__Dataset records__
....

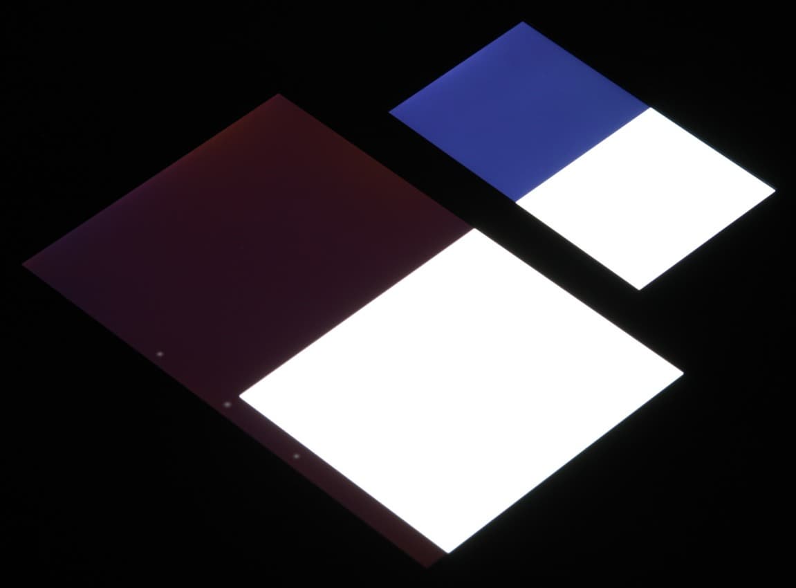 Яркость под углом у экранов уменьшилась (как минимум в 5 раз, исходя из разницы в выдержке), но в случае JiaYu G2F падение яркости заметно больше, чем у Nexus 7. Черное поле при отклонении по диагонали высветляется сильно и приобретает фиолетовый или красно-фиолетовый оттенок. Фотография с Nexus 7 для сравнения это показывает (яркость белых участков в перпендикулярном направлении у экранов одинаковая!):
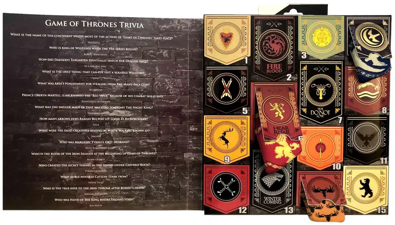 This Game of Thrones 15 Days of Socks Advent Calendar is the perfect pick for giving a pre-Christmas gift to someone who loves the epic tales of Westeros, or just to get yourself a little treat. It’s just like the classic 12 days of socks, with three bonus pairs for added fun. It features 11 pairs of low-cut socks and four crew-cut pairs with a variety of different house sigils and other Westeros-inspired designs. They come packaged in a box that makes it easy to reveal each pair on the corresponding day, and it also has fun trivia questions printed on one of the sides to put someone’s fandom knowledge to the test.
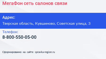 МегаФон, сеть салонов связи по адресу Тверская область, Кувшиново, Советская улица, 3 в дальнейшем Организация, размещена в следующих категориях:
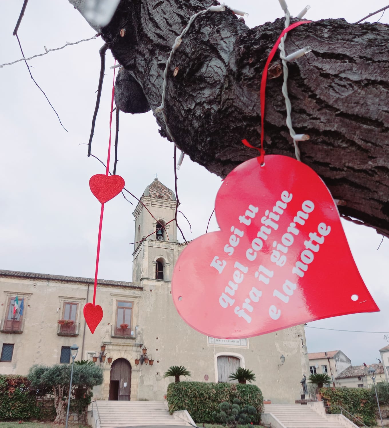 “In occasione di San Valentino nella centralissima Piazza S. Francesco di Altomonte, davanti al Palazzo Municipale, ex Convento dei Frati Minimi, è stato creato un angolo suggestivo per fermarsi a riflettere sull’amore e sui sentimenti belli e positivi.
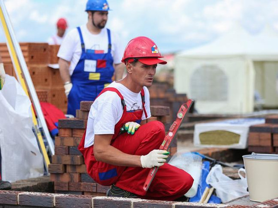 Впервые на Всероссийском конкурсе практическую часть участники выполняли на площадке строительства индивидуального жилого дома. На каждом доме работали четыре участника: им нужно было выполнить слоистую кладку несущей стены из керамического блока, утеплителя и облицовочного кирпича. Чтобы ускорить практическую часть, каменщикам помогали студенты - замешивали и подносили раствор.
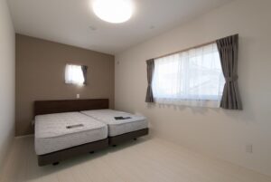 ブラウンの落ち着いたアクセントが部屋の奥行きを演出する寝室に、たっぷりの収納スペース・クローゼットなども。
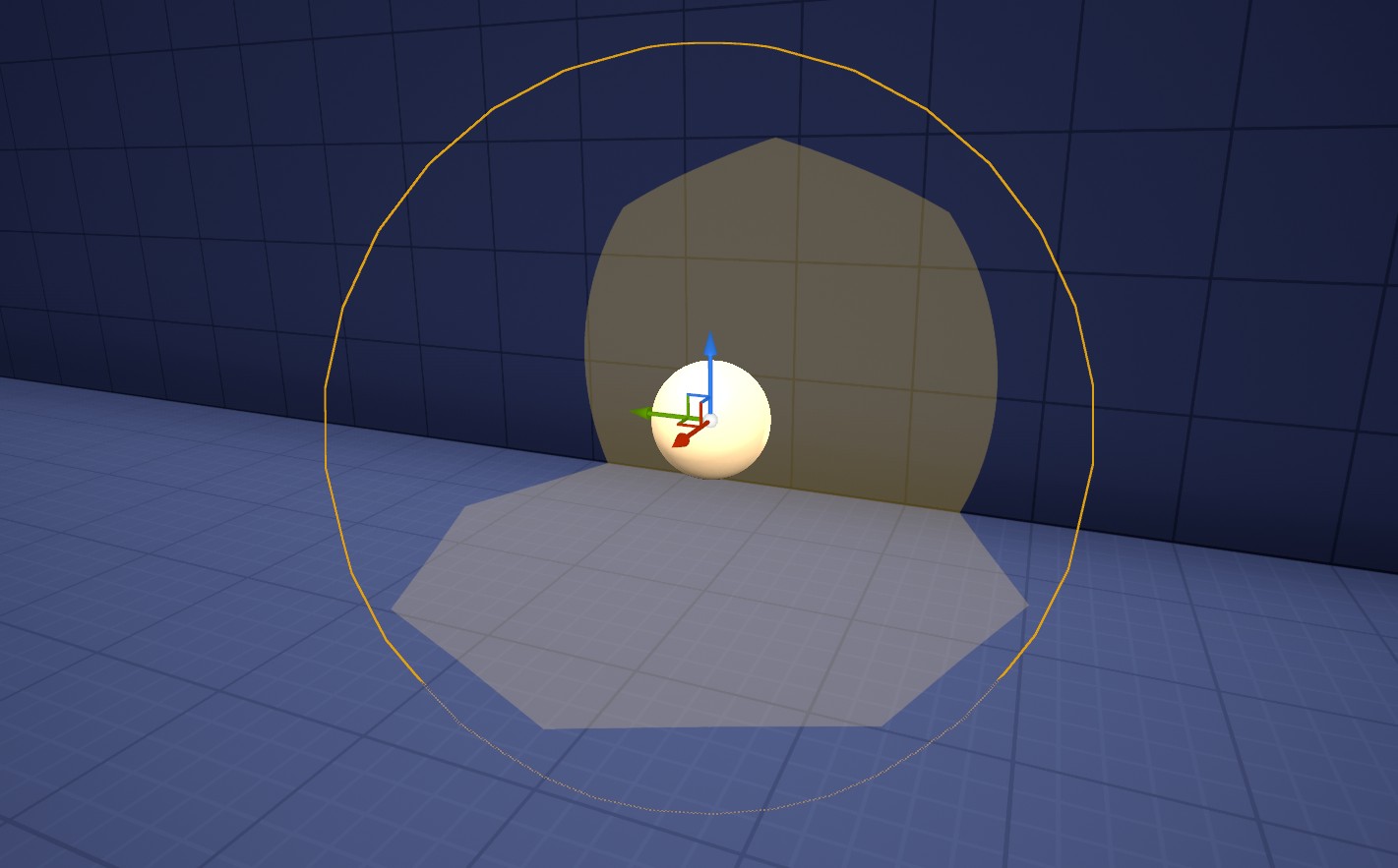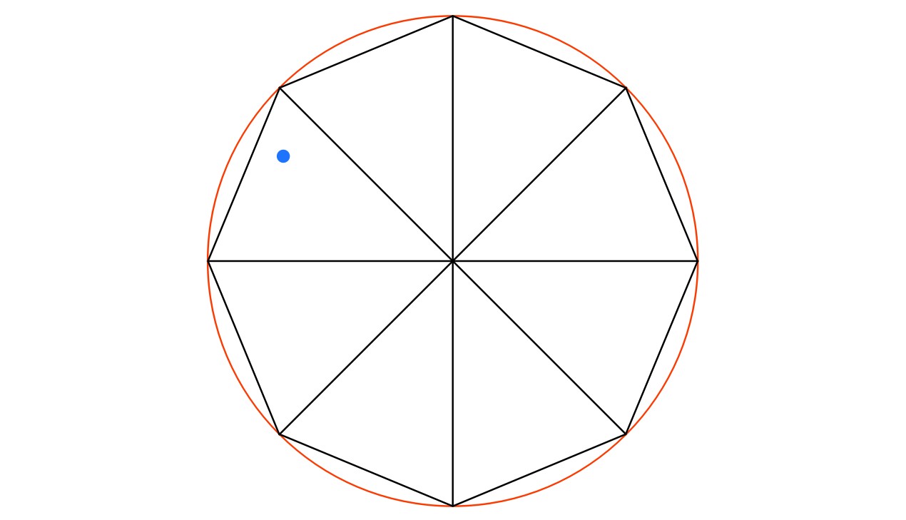 The red circle is the sphere, the blue dot is the test position. The black lines are the imaginery triangles that make up our 8-sided poly circle.
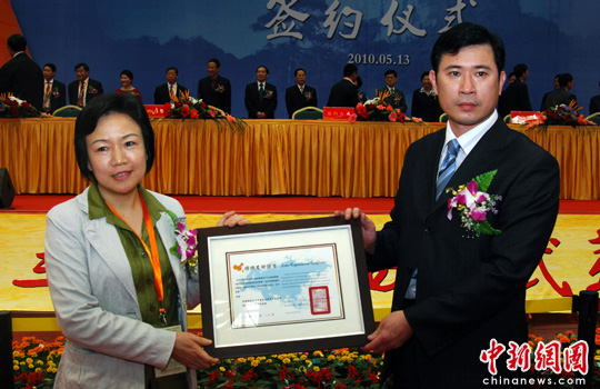 5月14日,高雄市聯(lián)合貿(mào)易促進(jìn)會(右)與中國貿(mào)促會南平支會(左)雙方代表在武夷山簽約締結(jié)為姐妹會,第十三屆海峽西岸武夷國際投資洽談會大會為二會頒發(fā)締結(jié)友好證書。高雄市聯(lián)合貿(mào)易促進(jìn)會何主任表示,兩地貿(mào)促會簽約后首先進(jìn)行今年茶博會項目的合作,屆時兩地茶商可以有更好的平臺進(jìn)行交流。中新社發(fā) 張麗君 攝
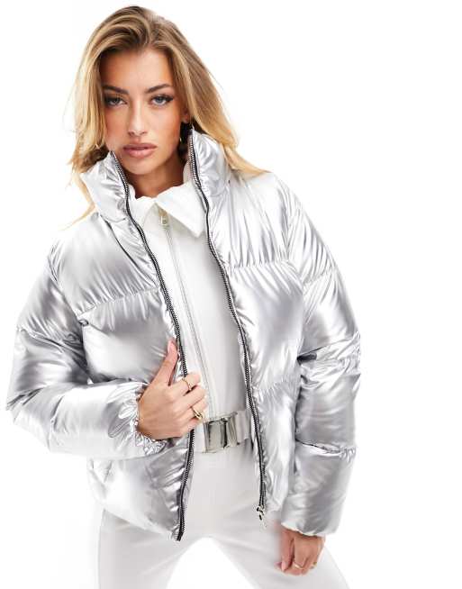 Threadbare - Gewatteerd skijack in zilver

....

__What to work on__
The entries above need to be output again in full, exactly, and without pictures.

__Exercise result__
 Яркость под углом у экранов уменьшилась (как минимум в 5 раз, исходя из разницы в выдержке), но в случае JiaYu G2F падение яркости заметно больше, чем у Nexus 7. Черное поле при отклонении по диагонали высветляется сильно и приобретает фиолетовый или красно-фиолетовый оттенок. Фотография с Nexus 7 для сравнения это показывает (яркость белых участков в перпендикулярном направлении у экранов одинаковая!):
 This Game of Thrones 15 Days of Socks Advent Calendar is the perfect pick for giving a pre-Christmas gift to someone who loves the epic tales of Westeros, or just to get yourself a little treat. It’s just like the classic 12 days of socks, with three bonus pairs for added fun. It features 11 pairs of low-cut socks and four crew-cut pairs with a variety of different house sigils and other Westeros-inspired designs. They come packaged in a box that makes it easy to reveal each pair on the corresponding day, and it also has fun trivia questions printed on one of the sides to put someone’s fandom knowledge to the test.
 МегаФон, сеть салонов связи по адресу Тверская область, Кувшиново, Советская улица, 3 в дальнейшем Организация, размещена в следующих категориях:
 “In occasione di San Valentino nella centralissima Piazza S. Francesco di Altomonte, davanti al Palazzo Municipale, ex Convento dei Frati Minimi, è stato creato un angolo suggestivo per fermarsi a riflettere sull’amore e sui sentimenti belli e positivi.
 Впервые на Всероссийском конкурсе практическую часть участники выполняли на площадке строительства индивидуального жилого дома. На каждом доме работали четыре участника: им нужно было выполнить слоистую кладку несущей стены из керамического блока, утеплителя и облицовочного кирпича. Чтобы ускорить практическую часть, каменщикам помогали студенты - замешивали и подносили раствор.
 ブラウンの落ち着いたアクセントが部屋の奥行きを演出する寝室に、たっぷりの収納スペース・クローゼットなども。
 The red circle is the sphere, the blue dot is the test position. The black lines are the imaginery triangles that make up our 8-sided poly circle.
 5月14日,高雄市聯(lián)合貿(mào)易促進(jìn)會(右)與中國貿(mào)促會南平支會(左)雙方代表在武夷山簽約締結(jié)為姐妹會,第十三屆海峽西岸武夷國際投資洽談會大會為二會頒發(fā)締結(jié)友好證書。高雄市聯(lián)合貿(mào)易促進(jìn)會何主任表示,兩地貿(mào)促會簽約后首先進(jìn)行今年茶博會項目的合作,屆時兩地茶商可以有更好的平臺進(jìn)行交流。中新社發(fā) 張麗君 攝
 Threadbare - Gewatteerd skijack in zilver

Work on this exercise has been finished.